Blowdown of linked liquid filled vessels

[Justice100]

Hi all,

I am looking at emergency blowdown of two liquid filled vessels that are linked via piping at the bottom. The blowdown valve is off the top of one vessel (I have attached a sketch). The liquid is hydrocarbon condensate at its bubble point. Assume for simplicity that both vessels are the same size and same elevation (Infact the upstream vessel is quite a bit bigger).

For the vessel with the blowdown valve, when the valve opens the pressure will drop resulting in flashing and the vapour will be blown down and then the liquid level will continue to drop until 0 barg is reached. Then I run this about 20% of the liquid is flashed. I am struggling with what will happen in the upstream vessel. As the pressure/level in the downstream vessel reduces, similar will happen in the upstream vessel as their levels must be equal. Modelling the entire system as one big vessel with a blowdown valve at the top seems reasonable...

However, I am not sure I really understand what will happen in the upstream vessel. Any thoughts on this?

 

[georgeverghese]

Would agree with your reduction of this to a single vessel from an emergency depressure perspective.

 

[Justice100]

Thanks George.

Out of interest I just ran a simulation for just the upstream vessel where the blowdown valve is on the vessel bottom. The vessel starts at 100 barg but liquid level is completely lost by the time the vessel is at ~20 barg. This can't be reflective of the what happens when the downstream vessel is connected as the liquid level is not lost. I am sure I am missing something simple but I can't understand how this system works as a whole.

 

[shvet]

As the pressure/level in the downstream vessel reduces, similar will happen in the upstream vessel as their levels must be equal.

Incorrect.

Liquid columns in the upstream and downstream vessels are equal (Hup = Hdown)
Pressure in vapor spaces of the upstream and downstream vessels are equal (Pup = Pdown).
The system is balanced SG*g*Hup + Pup = SG*g*Hdown + Pdown
Vapor and liquid phases compositions are equilibrium.

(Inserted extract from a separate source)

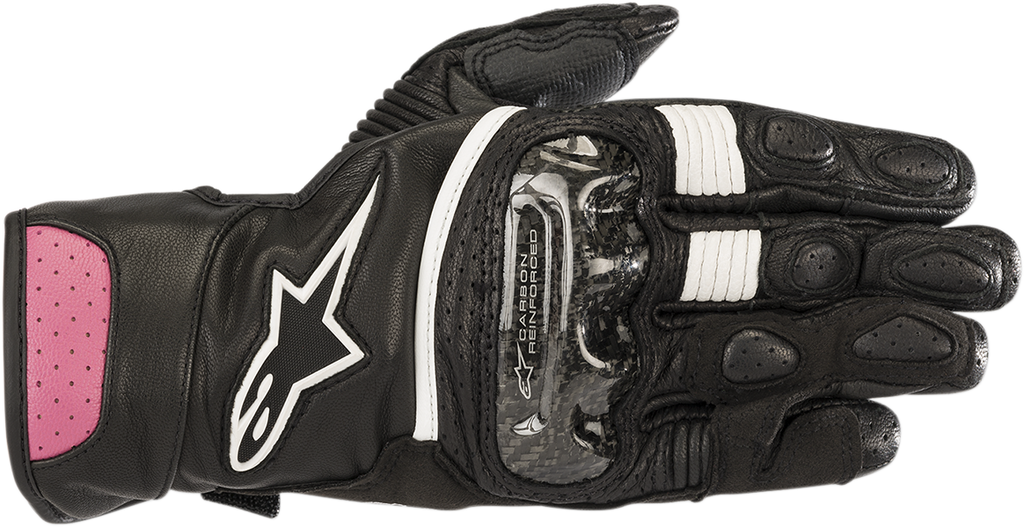 Developed specifically for an optimized woman's fit, Full premium leather main construction, with leather palm for comfort and control and perforated leather on top of hand and wrist for breathability, Ergonomically shaped Alpinestars' carbon knuckle guard is reinforced on the interior side with thick EVA foam, Alpinestars double wrist closure system, with hook and loop closures to ensure close fit and security closure, Synthetic suede side reinforcements on landing zones, Accordion leather stretch inserts on fingers and thumb to increase fit and directional movement comfort, Alpinestars' patented finger bridge, Vented knuckle guesset aids internal airflow

Pressure in vapor space of the downstream vessel drops down (Pup > Pdown).
Systems becomes unbalanced Hup + SG*g*Pup > Hdown + SG*g*Pdown
To become balanced system shall equal left and right parts of this equation. The only variable is the liquid column, which shall decrease. Part of the liquid shall move from the upstream vessel to the downstream one.
A driving force appears, the liquid moves from upstream to downstream.
Liquid level in the downstreama vessel rises up, liquid level in the upstream vessel drops down, the the vapor space in the upstream vessel expands.

The system will seek for a balance until:
- the both parts of the equation becomes equal, or
- the liquid seal gets lost and vapor spaces merge together

Note that the specific graviry (SG) of the liquid and gas density in both vapor spaces are not constant because of the liquid flashing.

I guess you do not understand how complex and unpredictable such case is. A worth exercise for training/studying, a worst one for a sound/responsible engineering.